Мы направились по коридору, уставленному штабелями картонных коробок, пересекли холл, где я увидел гору старых газет и еще одну гору, побольше, по-видимому из старых игрушек, и прошли в гостиную. Тут все оказалось на удивление в полном порядке, хотя по виду нельзя было сказать, что все пребывает в неприкосновенности. Я заметил что-то на этот счет Пенни, когда она принесла мне мой бокал.
– Просто я живу здесь, – ответила она. – Здесь и у себя в спальне. Все остальные комнаты мне как бы и не нужны. Правда, за исключением кухни. Я даже вполне управляюсь одна.
– Неужели тебе одной в этом доме не одиноко?
– Нет, нисколько. Мне нравится. Я совершенно никуда не выхожу: тут у меня столько дел. Я знаю, надо бы навестить папу в больнице, но, когда позвонила, мне сказали, что у него все в порядке, наверное, это ужасно, но ведь его довольно скоро выпишут, а у меня было столько дел, вот я и не пошла. Я думаю, ты его навещал?
– Навещал. У него все в порядке, по крайней мере в смысле здоровья. А чем ты все время занята?
– Ах, да так… – Она как-то искоса, смутившись, взглянула на меня. – Читаю и… много всяких дел.
Я заметил на столе рядом с пустой пепельницей и вазой со свежесрезанными розами тоненькую брошюрку знакомого мне формата. Я вскоре разглядел, что это изданная Би-би-си книжечка Дениса Мэтьюза о фортепианных сонатах Бетховена. И потом увидел, что первый том этих самых сонат стоит на пюпитре рояля и открыт на менуэте № 1. И тут же, хотя и с явным запозданием, спросил:
– Что случилось?
– Ты о чем?
– Даже с твоей речью. С твоим выговором. Ты и держишься совсем иначе. Может, ты влюбилась, в чем дело?
Пенни рассмеялась: и смех был какой-то другой, без всякого намека на сарказм.
– Да нет, не в том дело! Это как-то не в моем духе.
– Тогда в чем же? Ты теперь такая умиротворенная. Счастливая.
– Да, так оно и есть. Все очень просто. Прибегла к сильному средству.
– Ты имеешь в виду алкоголь?
– Нет, Дуглас. Наркотик.
– Неужели героин?
– О, не надо так пугаться! Ну да, именно он. Ты даже не представляешь себе, что это такое. Собственно, можешь посмотреть на меня и убедиться.
– Но тому, кто употребляет героин, останется жить не больше двух лет! Так сказал один мой знакомый доктор.
– Это-то самое в нем и привлекательное! Ничто не длится вечно, в том числе и вся эта ужасная морока с браком, рождением детей, с воспитанием. Никто от тебя ничего не ждет.
– А как же Бетховен? Ведь он вечен!
– Я этого уже не узнаю. Я никогда не буду пригодна для этой жизни. Всегда надо знать свой потолок. Свой я определила и потому могу устроить свою жизнь соответственно. Немногим такое удается.

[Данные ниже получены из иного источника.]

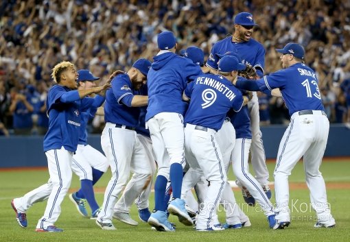 올 시즌 아메리칸리그의 패권은 토론토와 캔자스시티의 대결로 압축됐다. 토론토 선수들이 15일(한국시간) 로저스 센터에서 열린 텍사스와의 ALDS 최종 5차전에서 6-3으로 이겨 리그 챔피언십시리즈 진출에 성공한 직후 얼싸안고 기뻐하고 있다. 사진=ⓒGettyimages멀티비츠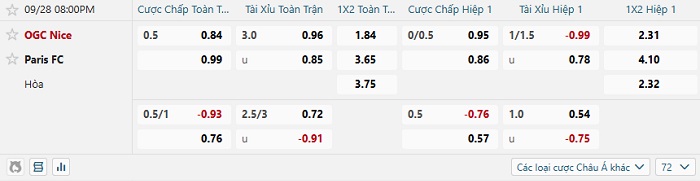 Tip kèo Châu Á hiệp 1 Nice vs Paris FC

– Пенни, иди наверх, собери чемодан и едем ко мне, позволь мне о тебе заботиться!
Она рассмеялась снова:
– Помнишь, я тебе однажды сказала, что никто меня не способен выдержать? Во всяком случае, я это помню! Это единственное, что во мне не изменилось. И тебе с этим не справиться. Спасибо за приглашение, но ты ведь не огорчишься, правда? Ты ведь не думаешь, что сможешь то, чего не смог Гилберт?
Я уставился под ноги на свежевычищенный пылесосом ковер:
– Твой отец знает?
– Не думаю. Пожалуй, со временем ему станет известно. Но и он тоже ничего не сможет изменить. Зачем ему? У него теперь своя жизнь. Знаешь, Дуглас, то, что он ушел к этой девице, один из лучших поступков в его жизни. Для всех, не только для него. Теперь мы все свободны.